Breakingviews: Blackstone - Doubling Down

Blackstone is taking out an insurance policy of sorts in its takeover of Thomson Reuters’ financial-data division. The $20 billion buyout comes with features that enhance the Canadian seller’s upside if things go well, but leaves it with relatively more of the downside if they don’t.

Steve Schwarzman’s investment firm is injecting $3 billion of equity alongside some co-investors to buy a 55 percent share of the Financial and Risk unit, known as F&R. Thomson Reuters, the parent company of Reuters, which includes Reuters Breakingviews, will keep a $2.5 billion stake.
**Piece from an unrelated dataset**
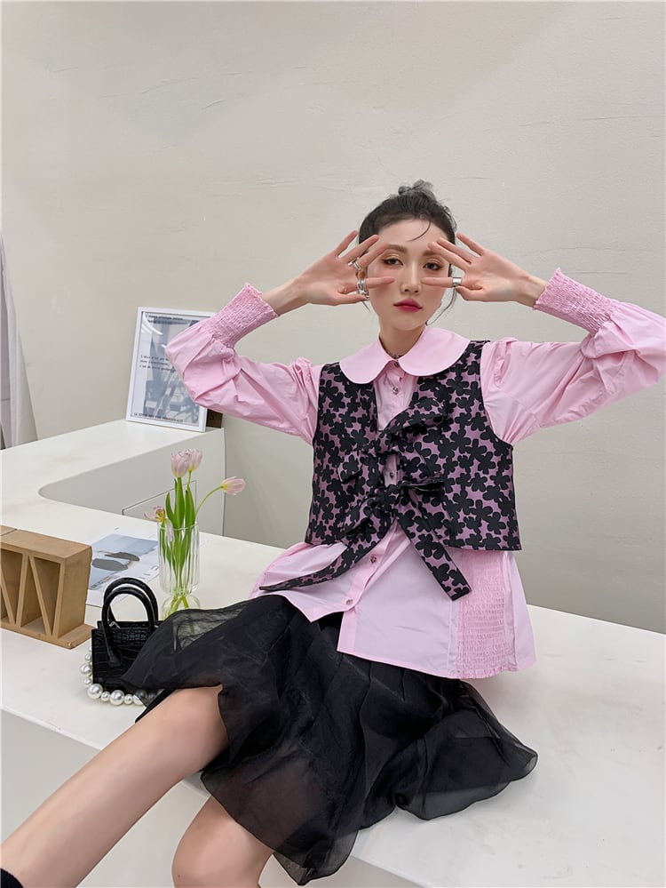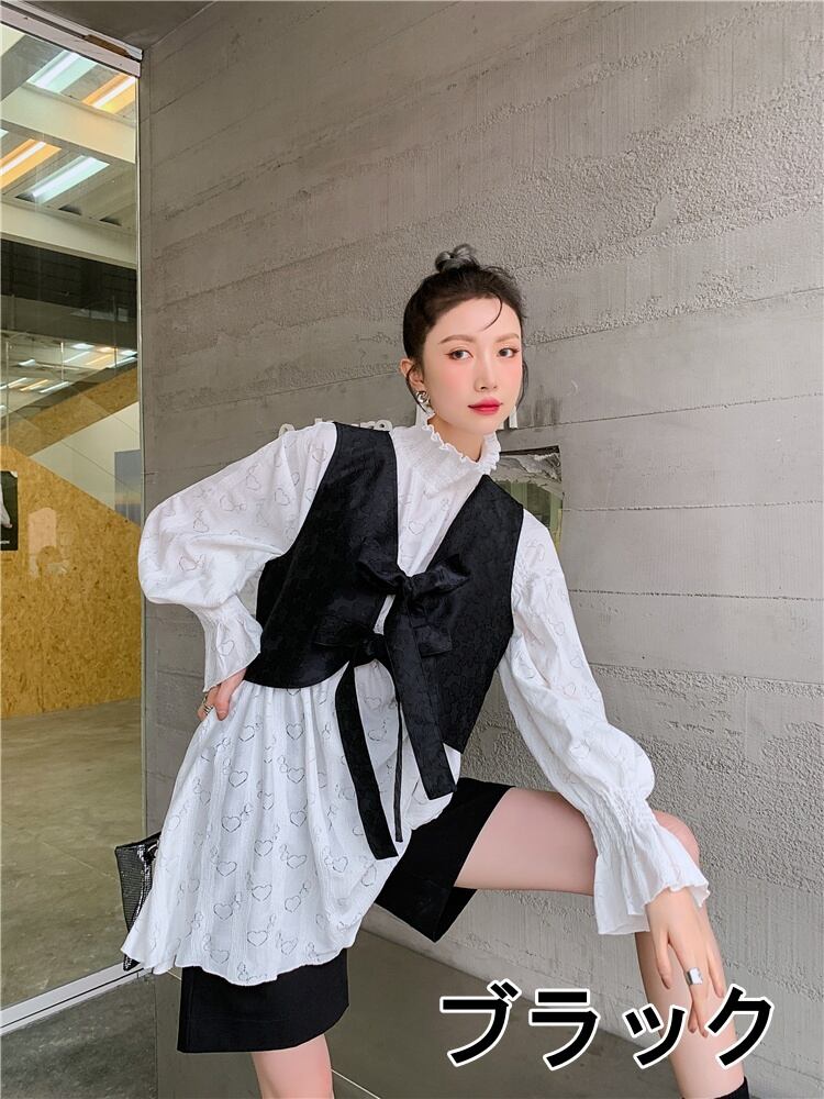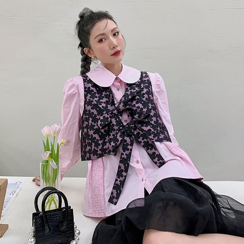 トップス レディース 送料無料 2色 リボンべスト ベスト ジレ レイヤードスタイル ダブルリボン レトロ 無地 花柄 フラワープリント おしゃれ スタイル 小顔見せ 着痩せ 体形カバー インスタ トレンド きれいめ かわいい ブラック 黒 ピンク エレガント フェミニン お出かけ キュート ガーリー 大人かわいい こなれ感 レイヤード ボウタイリボン フラワー 重ね着
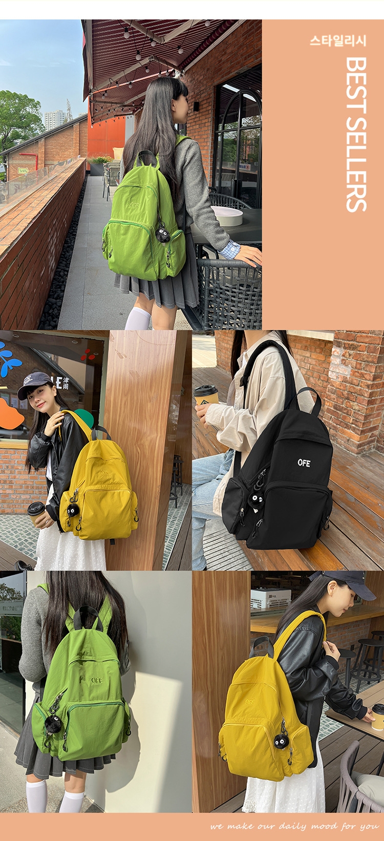 일본 스타일 캐주얼 백팩 여성용 신상 단색 백팩 인기 패션 대용량 백팩 여성용 대학 스타일스토어 가기

Blackstone also puts in $1 billion through preferred shares, public documents filed in February show – which behave largely like debt but aren’t treated like it by credit-ratings firms. They pay a 14.5 percent coupon in the form of more preferred shares.

The first layer of protection against having struck a deal at an unfavorable price goes to Thomson Reuters. By remaining a 45 percent owner, it ensures that if Blackstone makes a success of things, it reaps some of the gains. There is another mechanism, too, to spare the company controlled by Canada’s wealthiest family from suggestions they sold on the cheap: if Blackstone’s annualized return beats 20 percent, Thomson Reuters’ stake rises to 47.6 percent.